7. 米中チップ戦争2026——H200は承認済みでも「実際の売上はゼロ」
NvidiaのH200チップは米政府の対中輸出許可を取得しているにもかかわらず、実際の売上はゼロ——。 NvidiaのCFOが公式にこう発言したことで、「許可」と「販売」の間にある現実の壁が明らかになった。 中国国内ではHuawei Ascendなど国産AIチップが存在感を増しており、顧客が既に代替品を確保してしまっているとみられる。
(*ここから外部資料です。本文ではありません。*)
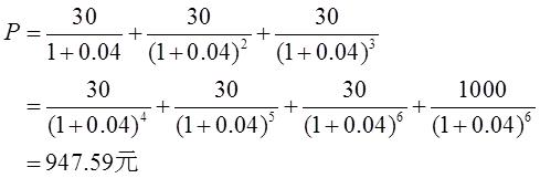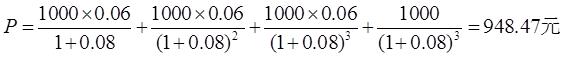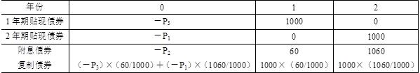 由60/1000份1年期贴现债券与1060/1000份2年期贴现债券组成的复制债券与1份附息债券在第1年和第2年的现金流完全相同,根据无套利均衡分析,两只债券的当前价格必然相等,因此有:(-P 3 )×(60/100)+(-P 1 )×(1060/1000)=-P 2 ,1000/(1+YTM 3 )=P 3 。

密輸摘発も激化。過去12カ月で商務省が課した制裁・没収額は4.2億ドル超に達し、Supermicroの共同創業者が25億ドル規模の密輸スキームで逮捕された。 トランプ政権は表向き追加規制を抑制しているが、議会では輸出許可の厳格化を求める声が高まっている。
| 項目 | 詳細 |
|---|---|
| H200 対中輸出許可 | 条件付きで承認済み(2025年12月〜) |
| Nvidia の実際の売上 | ゼロ(CFO 公式発言) |
| 国内競合 | Huawei Ascend 等が市場を浸食中 |
| 密輸取締額 | 過去12カ月で4.2億ドル超の制裁・没収 |
| 摘発事案 | Supermicro 共同創業者を25億ドル密輸容疑で逮捕 |
| 政策動向 | 追加規制は抑制、だが議会は厳格化を要求 |
AI半導体の地政学リスクは「規制があるから売れない」から「規制がなくても売れない」という新局面に入った。 グローバルにAIインフラを調達する起業家は、サプライチェーンの複線化と代替チップへの対応を戦略に組み込む時期を迎えている。
今日の1行まとめ
AIは「モデルを作る競争」を卒業し、「どう収益化し・どう組み込むか」の産業実装戦争に突入した——起業家に問われているのは、その波にどう乗るかではなく、どこに先に旗を立てるかだ。